Setelah menyaksikan Allegiant, apakah ada ketertarikan untuk melanjutkannya ke jilid (akhirnya) pamungkas, Ascendant?

Poor (2/5)

6 comments:

  1. jadi masih mendingan Mockingjay part 1 yah?

    Ini karena filmnya dipecah 2 sih, ikut-ikutan Harry Potter, Breaking Dawn dan Mockingjay. Bedanya cuma Harry Potter yang emang relevan dipecah 2 karena ceritanya terlalu kompleks jadi tidak bakal cukup kalau hanya dibuat 1 film saja.

    ReplyDelete
    Replies
    1. ^ Bersyukurlah, Mas. Hahaha.

      @Lina: Aduh. Separah-parahnya Mockingjay, buatku, masih bagus. Part 1 cukup thought-provoking dan part 2 menyukai akting gila Jennifer Lawrence.

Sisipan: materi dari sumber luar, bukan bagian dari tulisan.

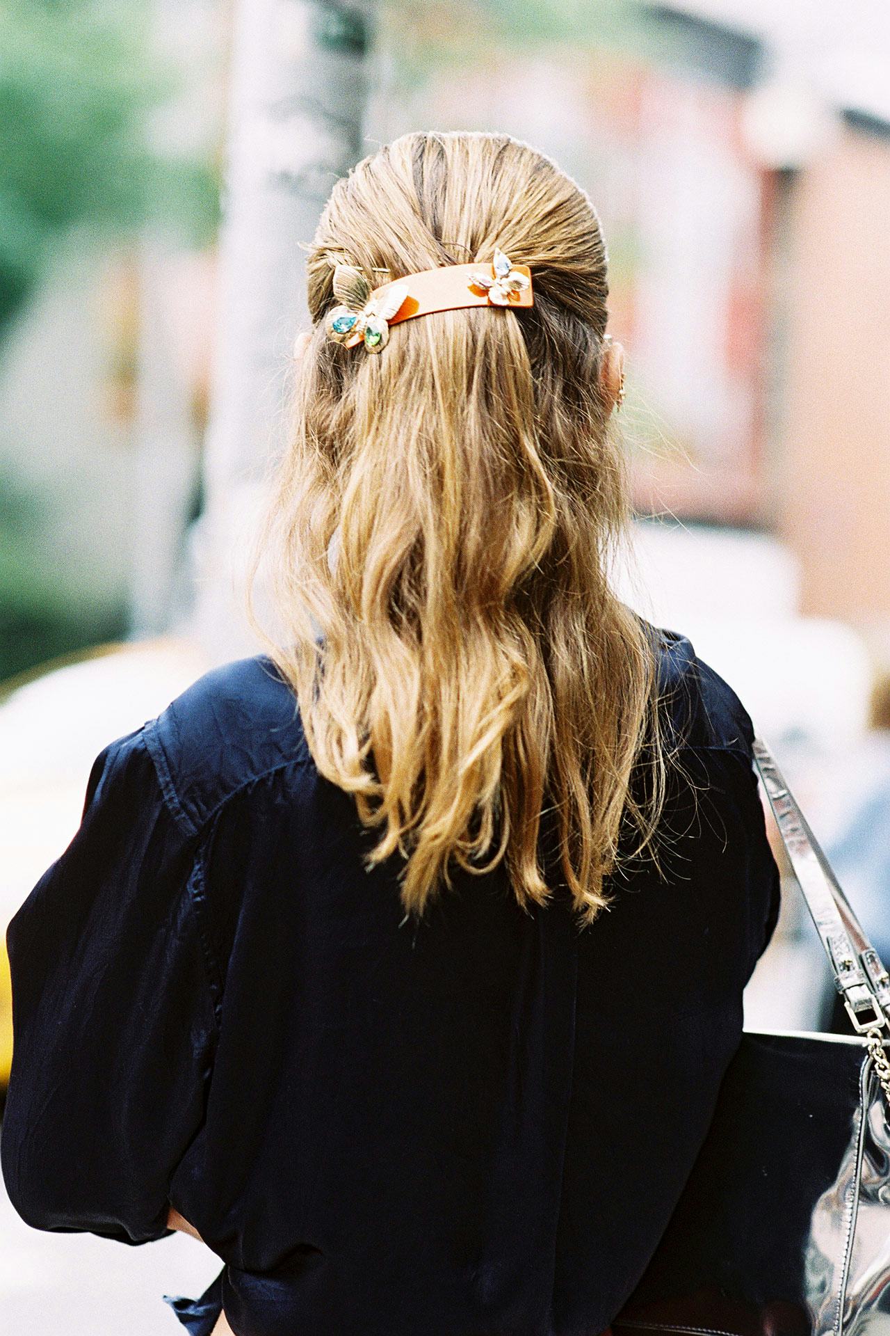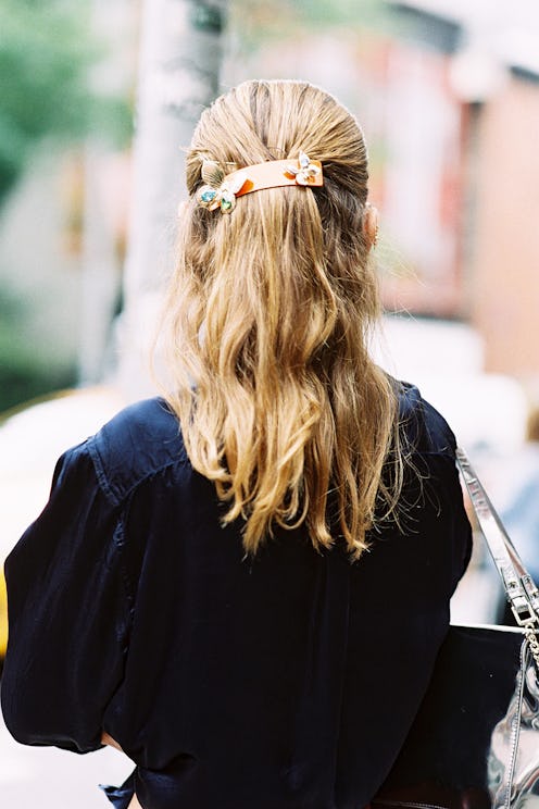Still working with Wednesday’s blowout? Been driving with the windows down? There’s a reason why the mantra “Messy Hair, Don’t Care” continues to thrive on the Internet. That whole wash, style, wash, style routine just seems like a whole lot of work at the end of a long week. Luckily, there’s a way to rock day-three (or just plain ‘ol messy) hair without resorting to a complicated braid or too-basic bun. Enter: the cool-girl barrette. Here, three ways to try the trend. Once you’ve got one, just sweep a large section of hair back or to the side for a gorgeous off-duty look.

      Kalau Allegiant ini emang kerasa banget dipaksain buat dipecah. Materinya sama sekali nggak kuat. Setelah menontonnya saja bahkan nggak minat buat cicipin seri berikutnya (bahkan Breaking Dawn saja masih menggoda!).

      Delete
  2. Untung ga gegabah pengen nonton. Poor :D

    ReplyDelete
  3. Tonton aja kalau udh ngikutin seri sebelumnya, lebih baik punya pendapat sendiri

    ReplyDelete
  4. jeff bridges main sebagai apa om? setau saya jeff daniels yang jadi david

    ReplyDelete
  5. Makasih buat koreksinya. Typo. Yang bener emang Jeff Daniels. Padahal awalnya juga nulis Jeff Daniels, eh kok di akhir malah jadi Bridges.